The Alternative Penalties and Procedures Law, which entered into force in May 2018, authorizes courts to issue penalties in place of imprisonment, including community service, attending rehabilitation courses, and paying to repair damage caused by unlawful acts.

Bahraini journalist Hassan Mohammed told The Media Line: “It seems that [reports of] the conversations about Bahrain’s internal affairs are accurate but because of the major attack that took place after the meeting, those present denied the truth of the matter.”

He continued: “There is a great contradiction in the reports and the statements made by the participants about the nature of the encounter.

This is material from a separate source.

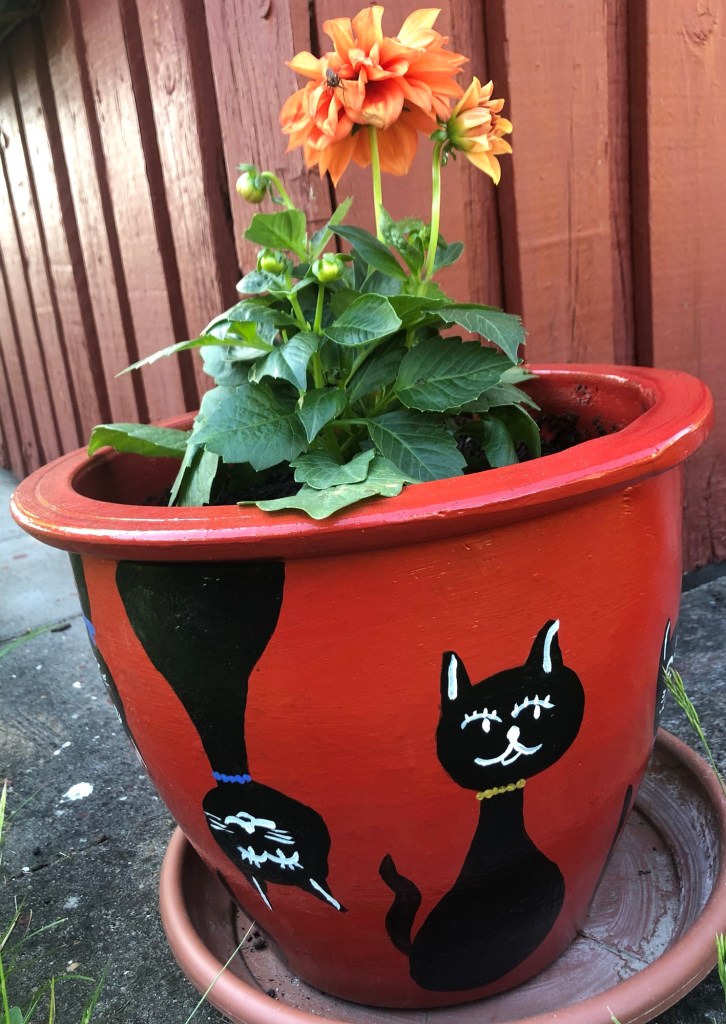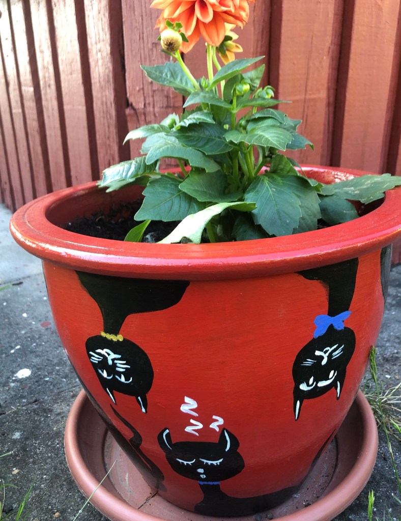 Last year, I have recovered a small garden pot, which was broken. I have glued it togheter… and now see how sweet these cats are giving it a new life!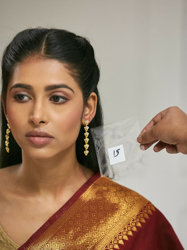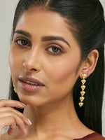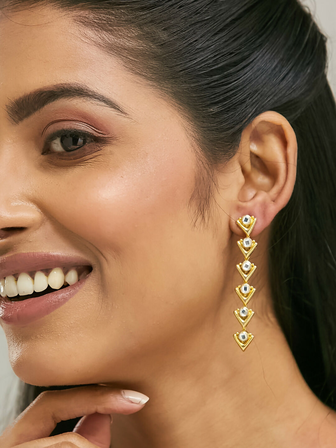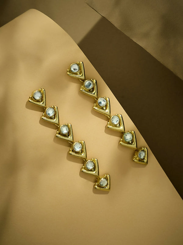 Nuyug 18K Gold-Plated Crystal Stone Studded Triangular Drop Sleek Earrings

Some said that it was a meeting, and others said that it was a social dinner. Some said that the meeting discussed economic matters, and others that the meeting was based on previous partnerships between the associations and the US Embassy, while the US ambassador remained silent and did not comment.

Regarding the Delmon Post journalist, Mohammed said: “The summoning of Ghasra came based on a complaint filed against him with the authorities concerned, but the investigation proved that Ghasra did not lie, and that he obtained his information from persons who were at the meeting.”

Fatima Ali, an analyst and journalist, told The Media Line: “We are used to American ambassadors interfering in Bahraini affairs. It was previously done by Thomas Krajeski, and Bahrain expelled US Assistant Secretary of State [for Democracy, Human Rights and Labor] Tom Malinowski in 2014 because he met only opposition figures not on the schedule of meetings that had been arranged [for his visit] and refused to meet with institutions representing the other point of view.

“It seems that the message has reached the American ambassador, who has not yet completed the first month of his work. His refusal to communicate with the media, and his summoning by the Ministry of Foreign Affairs, communicated the Bahraini message clearly,” Ali continued.

Regarding popular anger, she said: “Civil society organizations in Bahrain have the right to communicate with embassies, but after obtaining permission from the Ministry of Social Development and for a specific program and specific goals. As for communicating directly without specifying goals, it is rejected. … Communication with any party should be through the Ministry of Foreign Affairs, as is the norm.”

And she added, “In my view, the current US ambassador is a copy of Thomas Krajeski, who was ambassador during the Obama Administration, and since the current US president, Joe Biden, is following the same path as [Barack] Obama, it seems that things are going in the same path.

“If the same behavior is repeated, I do not think that Bahrain will remain silent, and it will certainly inform the US administration of its refusal to deal with this ambassador,” Ali said.